Table 6. Exact solution and computed solution of the new method for solving y₂ in Problem 3.

x	Exact Solution of y2	Computed Solution of y2	Error in y2
0.2	0.198669330795061240	0.198669331113754400	3.186932 × 10−10
0.4	0.389418342308650690	0.389418343391428780	1.082778 × 10−9
0.6	0.564642473395035590	0.564642475168185330	1.773150 × 10−9
0.8	0.717356090899523120	0.717356092762203360	1.862680 × 10−9
1.0	0.841470984807896840	0.841470985889528840	1.081632 × 10−9

show the comparison of the numerical results of the new method with exact solution for solving problems 1–3 respectively. While, in

Table 7. Comparison of the new method with [11] for solving Problem 4.

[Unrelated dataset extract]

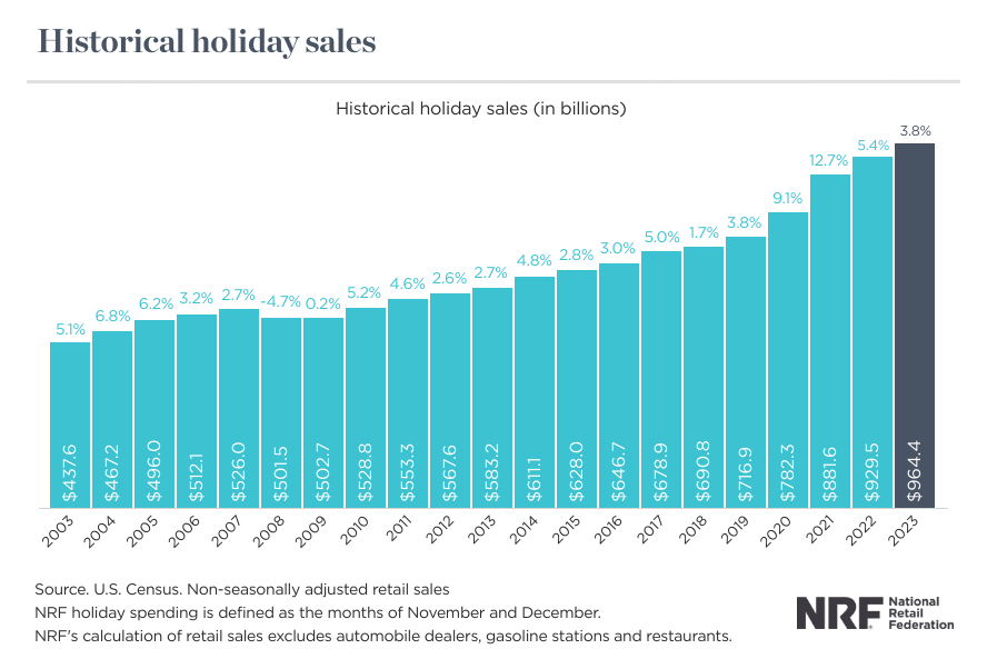 According to NRF, 2023 holiday sales hit a record $964.4 billion, up 3.8% from the previous year.

x	Exact Solution	Computed Solution	Error in New Method P = 5	Error in [11] P = 7
0.1	1.0500417292784914	1.0500417292785045	1.310063 × 10−16	1.445510 × 10−14
0.2	1.1003353477310756	1.1003353477311153	3.974598 × 10−14	3.779332 × 10−13
0.3	1.1511404359364668	1.1511404359364565	1.021405 × 10−14	3.428134 × 10−11
0.4	1.2027325540540821	1.2027325540537517	3.304024 × 10−13	6.987109 × 10−8
1.0	1.2554128118829952	1.2554128118817025	1.292744 × 10−12	2.017066 × 10−7

, the results of the developed method are more accurate than that of [11] which was executed by six-step block method for solving Problem 4.

Problem 1: 

$y_1^{″}=1-\cos x+sin(y_2^{\prime })+\cos (y_2^{\prime }) y_1\left(0\right)=1, y_1^{\prime }\left(0\right)=0,$

$y_2^{″}=\frac{1}{(4+y_1^2)}-\frac{1}{(5-\sin {(x)}^2)} y_2\left(0\right)=0, y_2^{\prime }\left(0\right)=\pi ,$

Exact solution: y₁ = cos x, y₂ = πx

Problem 2: 

$y_1^{″}=-e^{-x}{y}_2 y_1\left(0\right)=1, y_1^{\prime }\left(0\right)=0, h=0.01$

$y_2^{″}=2e^x{y}_1^{\prime } y_2\left(0\right)=1, y_2^{\prime }\left(0\right)=1,$

Exact solution: y₁ = cos x, y₂ = e^x cos x

Problem 3: 

$y_1^{″}=\frac{-y_1}{\sqrt{y_1^2+y_2^2}} y_1\left(0\right)=1, y_1^{\prime }\left(0\right)=0,h=0.01$

$y_2^{″}=\frac{-y_2}{\sqrt{y_1^2+y_2^2}} y_2\left(0\right)=0, y_2^{\prime }\left(0\right)=1,$

Exact solution: y₁ = cos x, y₂ = sin x

Problem 4: 

$y^{″}=x{\left(y^{\prime }\right)}^2 , y\left(0\right)=1, y^{\prime }\left(0\right)=\frac{1}{2}, h=\frac{1}{30}$.

Exact solution $\mathit{y}=\mathbf{1}+\frac{\mathbf{1}}{\mathbf{2}}ln\left(\frac{\mathbf{2}+\mathit{x}}{\mathbf{2}\_\mathit{x}}\right)$

The numerical results confirm that the proposed method produces better accuracy if compared with the existing methods. This is also clear in the graph below (Figure 1).

6. Conclusions

In this article, a one-step block method with three off-step points is derived via the interpolation collocation approach. The developed method is consistent, zero-stable, convergent, with a region of absolute stability and order five. The numerical results generated when the new developed method was applied to three systems of second-order initial value problems above have shown the high accuracy of the new method.